• TASK OBJECTIVE: For this exercise, an exact copy is needed of only the lines from the one containing "O título do" through the end of the data, with pictures left out.

• GIVEN INFORMATION:
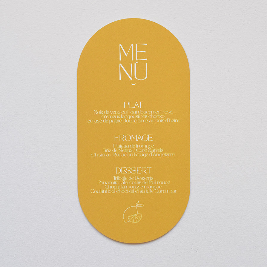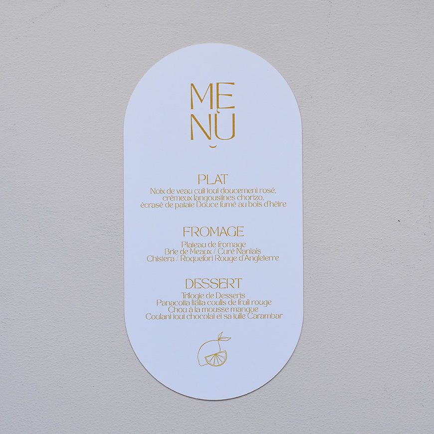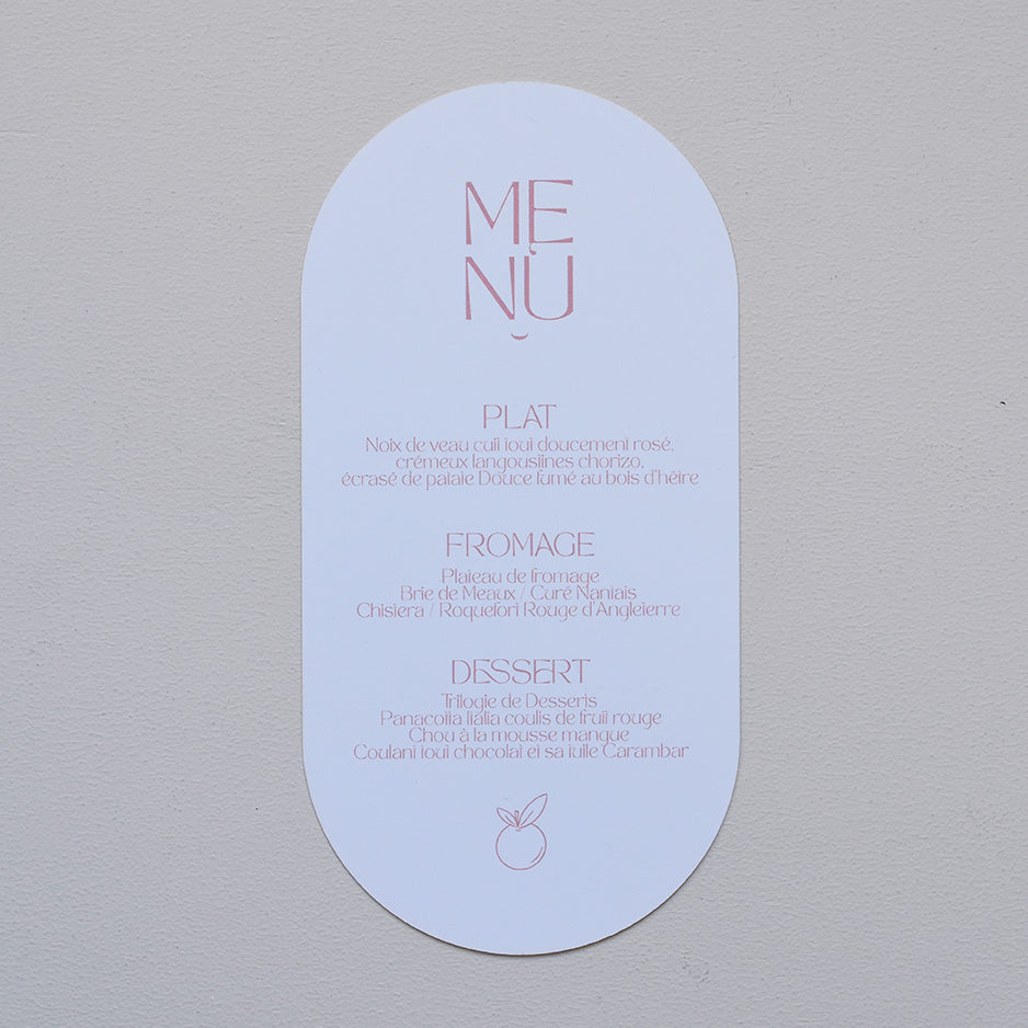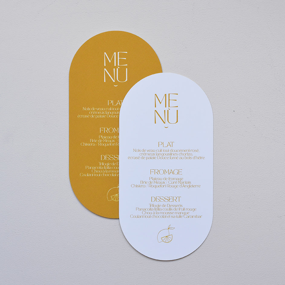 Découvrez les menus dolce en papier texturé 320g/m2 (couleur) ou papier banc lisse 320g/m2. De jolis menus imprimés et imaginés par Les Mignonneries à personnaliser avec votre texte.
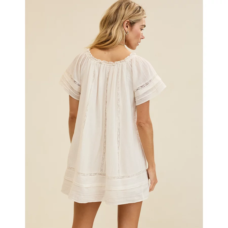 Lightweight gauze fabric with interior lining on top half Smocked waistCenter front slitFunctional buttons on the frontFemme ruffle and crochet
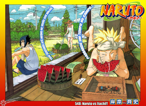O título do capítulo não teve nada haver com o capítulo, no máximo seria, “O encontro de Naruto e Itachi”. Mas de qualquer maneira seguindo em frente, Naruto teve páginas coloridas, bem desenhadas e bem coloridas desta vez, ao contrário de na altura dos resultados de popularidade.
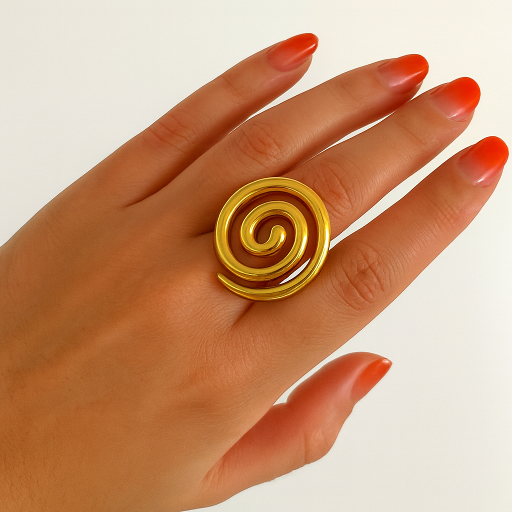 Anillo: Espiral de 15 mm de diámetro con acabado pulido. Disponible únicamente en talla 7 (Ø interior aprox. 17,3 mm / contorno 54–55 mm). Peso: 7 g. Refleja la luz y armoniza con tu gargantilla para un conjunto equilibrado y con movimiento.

• EXERCISE OUTPUT:
O título do capítulo não teve nada haver com o capítulo, no máximo seria, “O encontro de Naruto e Itachi”. Mas de qualquer maneira seguindo em frente, Naruto teve páginas coloridas, bem desenhadas e bem coloridas desta vez, ao contrário de na altura dos resultados de popularidade.
 Anillo: Espiral de 15 mm de diámetro con acabado pulido. Disponible únicamente en talla 7 (Ø interior aprox. 17,3 mm / contorno 54–55 mm). Peso: 7 g. Refleja la luz y armoniza con tu gargantilla para un conjunto equilibrado y con movimiento.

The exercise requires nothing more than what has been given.